The Wholeness Axiom “asserts in a mathematical way that the universe arises from transformational dynamics of wholeness that preserve the essential nature of wholeness."
by Maharishi International University, Fairfield, Iowa, USA, Achievements
22 February 2020
A new article, “Indestructibility of Wholeness,” by Maharishi International University (MIU) Professor Paul Corazza will soon appear in the mathematics journal Fundamenta Mathematicae.
The article continues Dr. Corazza’s 30-year project to fine-tune the foundation of mathematics in a way that gives a proper account of the mathematical infinite, drawing on principles of Maharishi Vedic Science.
In this new article, Dr. Corazza proves that once the fundamental axioms of mathematics are enriched in a way that makes them “aware of their own wholeness,’’ the usual manipulations that mathematicians do to transform the mathematical universe in sometimes dramatic ways is incapable of undermining the wholeness known in the original universe.
Regarding the so-called “enrichment” of the fundamental axioms, Dr. Corazza says, “As they are understood today, the foundational axioms are not strong enough to account for the presence of certain kinds of exotic infinities in the mathematical universe – infinities that play a crucial role in many areas of mathematical research.”
Because of this limitation, in 1990 Dr. Corazza formulated the Wholeness Axiom, which he said “asserts in a mathematical way that the universe arises from transformational dynamics of wholeness that preserve the essential nature of wholeness.
Adding the Wholeness Axiom to the list of standard axioms provides the account of mathematical infinities – even the exotic ones – that has been missing for so long.”
Dr.

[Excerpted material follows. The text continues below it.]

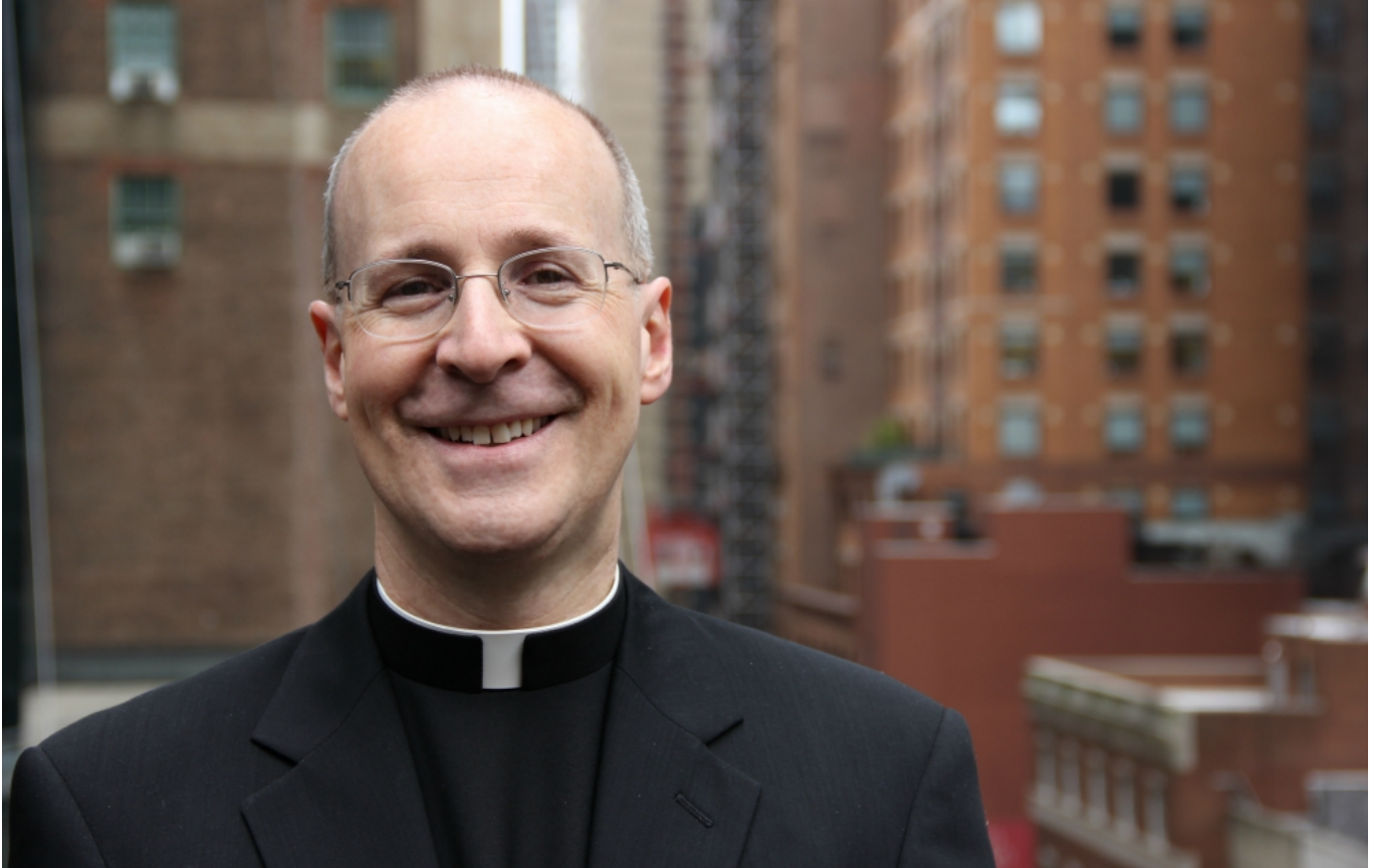
Jesuit Fr. James Martin

Corazza’s new article addresses a challenge that any new mathematical foundation must face: Does the new foundation survive after modern techniques are applied to create new universes?
An old question, solved by such techniques, was to determine the exact infinite size of the real number line. Stanford professor Paul Cohen showed in the 1960s that for almost any imaginable infinite size, there is a universe in which the real number line has that exact size.
So what happens to the Wholeness Axiom in those new universes? “If this new axiom is as good as expected, the Wholeness Axiom will hold true in all such universes,’’ Dr. Corazza said. “And this is what I was able to prove in my paper. The Wholeness Axiom survives all such transformations of the universe.”
The paper is available for free via the online research network Research Gate at bit.ly/333JfJu.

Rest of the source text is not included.